Le vrai problème du football français n'est-il pas plutôt que les meilleurs joueurs de notre championnat s'exilent dans des clubs plus huppés, anglais ou espagnols, et affaiblissent nos clubs, incapables de remporter le moindre trophée européen ? Mais là encore, les vérités changent selon la saison. En 1998, on disait que c'est justement grâce à leur expérience dans les plus grands clubs d'Europe (Real Madrid, Juventus de Turin, Arsenal…) que les joueurs de l'équipe de France parvinrent à devenir champions du Monde.

De plus, dans une société sereine, on pourrait aussi se réjouir que nous parvenions à exporter des joueurs formés en France dans des sélections étrangères.
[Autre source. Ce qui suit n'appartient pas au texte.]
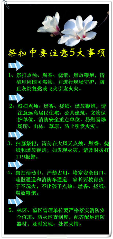 清明節掃墓祭祀,各地民俗雖不盡相同,但上香、燒紙錢、放鞭炮等現象比比皆是。每年這個時期,全國因燒紙不慎、余燼飛火等引發的火災事故頻頻發生,可謂“清明時節火紛紛”。請大家謹記清明祭掃五大事項,防火于未“燃”。
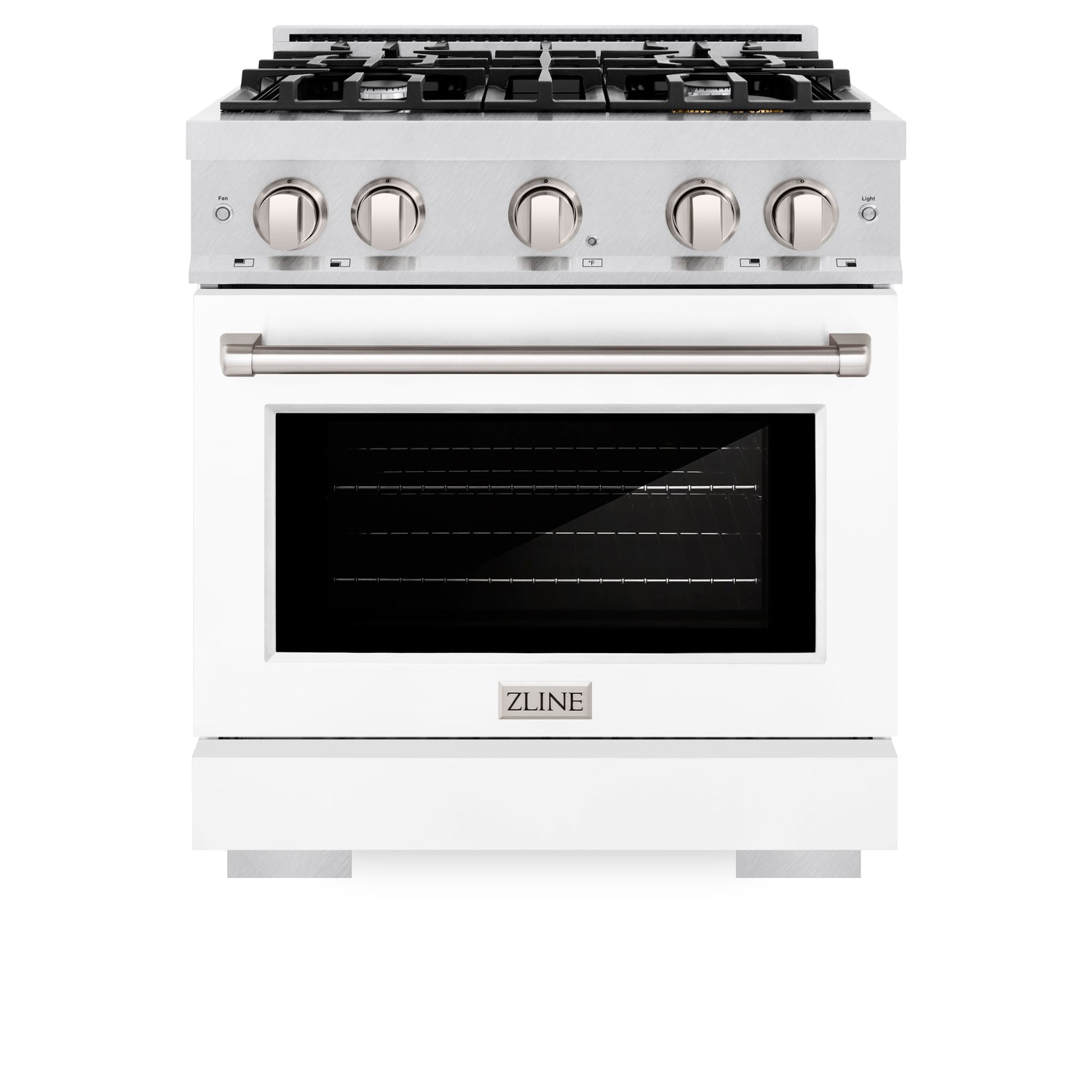 ZLINE 30 in. 4.2 cu. ft. Select Dual Fuel Range with 4 Burner Gas Cooktop and Electric Convection Oven in Satin Stainless Steel with White Matte Door (HDRS-WM-30)

A-t-on été jamais plus proche d'une équipe africaine que du Sénégal qui nous avait pourtant éliminé au premier tour du Mondial 2002 ? On s'enorgueillissait soudainement de ces joueurs évoluant dans nos championnats, notamment en deuxième division, et nos Sénégalais furent surnommés sur le champ "Sénégaulois" ! Ou lors du dernier mondial, après le fiasco de Knysna, n'éprouvait-on pas une petite fierté, certes déplacée, à voir flamber le jeune André Ayew avec le Ghana, lui ce pur produit du centre de formation de l'OM ?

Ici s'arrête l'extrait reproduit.